Marca-passo ou desfibrilador implantável automático são as opções de tratamento para pacientes com arritmias. Além disso, aqueles com condições estruturais, também precisarão de tratamento específico. Portanto, o médico especialista deve receber esses pacientes para dar continuidade à investigação e tratamento curativo.

Você pode aprofundar seus estudos no atendimento de síncope na emergência (e fora dela) através da leitura da Diretriz de Síncope de 2018 da Sociedade Europeia de Cardiologia.

Resumo dos principais pontos

  • Seu papel na emergência é afastar a síncope cardíaca, que tem potencial de matar o paciente.
  • A investigação de síncope na emergência deve ocorrer com anamnese, exame físico e ECG. Evite “pacotes de exames”, como Ecocardiograma, doppler de carótidas e etc.
  • A forma mais indicada de fazer a estratificação de risco do paciente com síncope na emergência é utilizar a Regra de San Francisco e a pontuação de risco OESIL.
  • Pela regra de São Francisco estão em risco pacientes que possuem ao menos um dos seguintes fatores: insuficiência cardíaca, ECG anormal, hematócrito menor que 30%, dispneia ou pressão arterial sistólica menor que 90 mmHg.
  • Pelo OESIL há 4 fatores que indicam paciente em alto risco de óbito em até 1 ano: ECG anormal, história de doença cardiovascular, ter mais de 65 anos e síncopes sem pródromo.

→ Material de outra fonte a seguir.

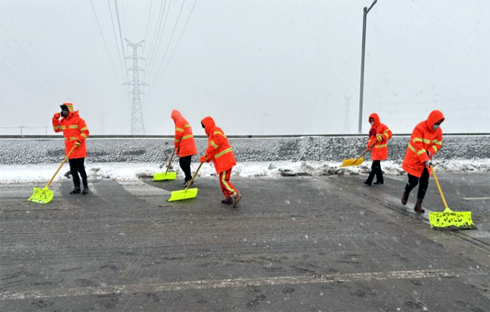 大家頂風(fēng)冒雪,團(tuán)結(jié)協(xié)作,配合默契,使勁揮動(dòng)著自己手中的工具,掃雪的掃雪、鏟冰的鏟冰、清運(yùn)的清運(yùn),現(xiàn)場(chǎng)一派熱火朝天的繁忙景象。手臉凍得通紅、身上濺滿(mǎn)雪泥、鞋襪也被浸濕,但大家絲毫不在意,干勁十足地攻克了一寸寸雪障堅(jiān)冰。連日來(lái),突擊隊(duì)集中開(kāi)展3次清雪除冰行動(dòng),清理道路面積達(dá)2萬(wàn)余平方米。

Nesse caso, ao menos dois pontos são necessários para classificar um paciente como em alto risco para morte cardiovascular. Cada item pontua um ponto.
  • Na prática diária, utilize os dois scores para não deixar passar um paciente importante.
  • O foco do tratamento é a prevenção de recorrências, especialmente para as condições reflexas.
  • Oriente os pacientes que possuam sinais e sintomas prodrômicos para que os reconheçam e façam manobras de contraposição para abortar a síncope.
  • Se o paciente acaba de perder a consciência, deite-o de costas e eleve seus membros inferiores. Levante-o apenas quando ele disser que se sente pronto.
  • Faça educação em saúde: explique sobre sinais e sintomas prodrômicos, manobras de contraposição e como evitar a recorrência da síncope.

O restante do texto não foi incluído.